Stored data
************
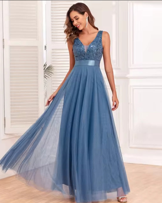 VESTIDO LARGO LENTEJUELAS ESCOTE V TALLES GRANDES
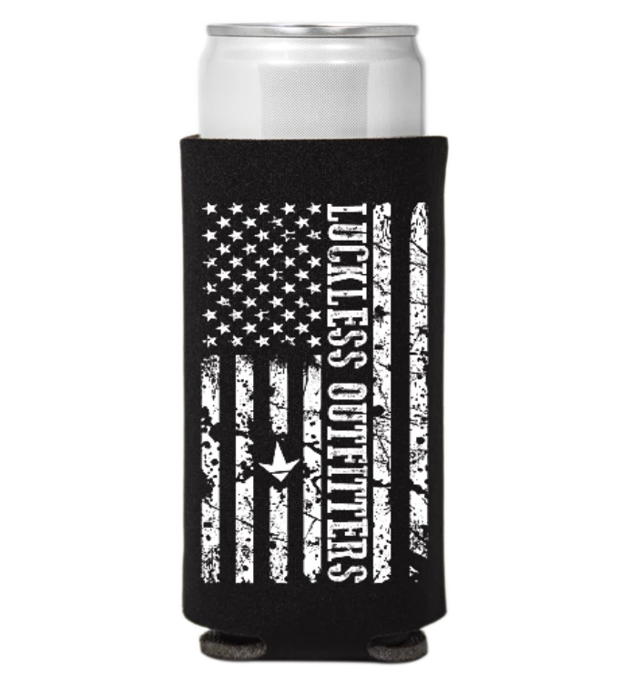 Best deal โ๏ธ Luckless Outfitters Grunge Flag Tall – Slim Can Koozie ๐
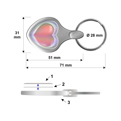 Grafika loga na przodzie breloczka wykonana z nadrukowanej srebrnej holograficznej folii metalizowanej, zalanej specjalnym polimerem.
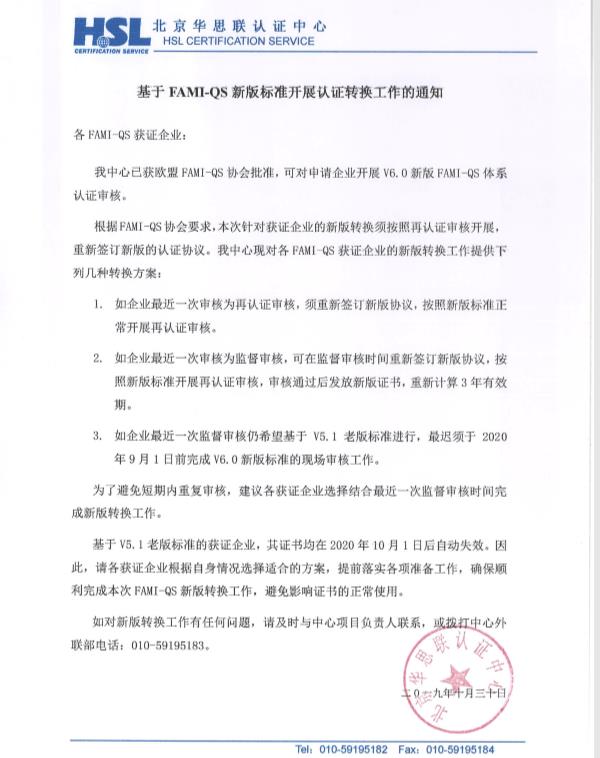 基于FAMI-QS新版标准开展认证转换工作的通知
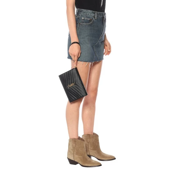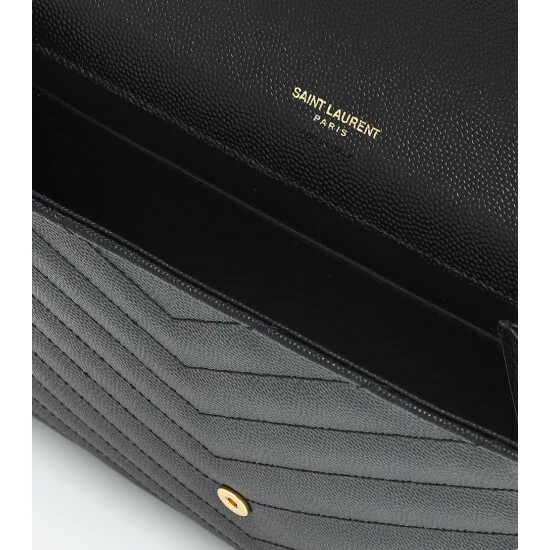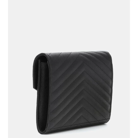 This black Monogram clutch from Saint Laurent is a timeless accompaniment to your evening wardrobe. Made in Italy from textured leather featuring the houseโs signature chevron quilting, it has a detachable loop strap, and is accented with the iconic YSL logo in gold-tone metal on the front.
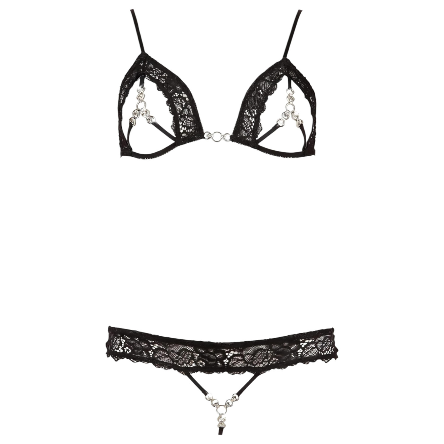 Seductoramente audaz y elegante set de encaje con brillantes resplandecientes - ¡el set de sujetador seducción extravagante de Abierta Fina hará que tu apariencia sea inolvidable!
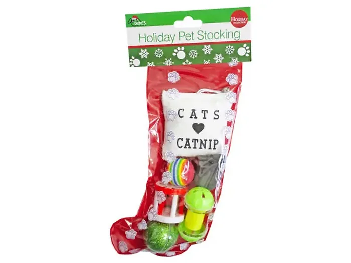 Bulk SA679 Christmas Cat Stocking With 6 Fun Toys For Feline Friends
************
▸ Task objective: Omit every picture while printing the data word for word.

▸ Exercise response:
 VESTIDO LARGO LENTEJUELAS ESCOTE V TALLES GRANDES
 Best deal โ๏ธ Luckless Outfitters Grunge Flag Tall – Slim Can Koozie ๐
 Grafika loga na przodzie breloczka wykonana z nadrukowanej srebrnej holograficznej folii metalizowanej, zalanej specjalnym polimerem.
 基于FAMI-QS新版标准开展认证转换工作的通知
 This black Monogram clutch from Saint Laurent is a timeless accompaniment to your evening wardrobe. Made in Italy from textured leather featuring the houseโs signature chevron quilting, it has a detachable loop strap, and is accented with the iconic YSL logo in gold-tone metal on the front.
 Seductoramente audaz y elegante set de encaje con brillantes resplandecientes - ¡el set de sujetador seducción extravagante de Abierta Fina hará que tu apariencia sea inolvidable!
 Bulk SA679 Christmas Cat Stocking With 6 Fun Toys For Feline Friends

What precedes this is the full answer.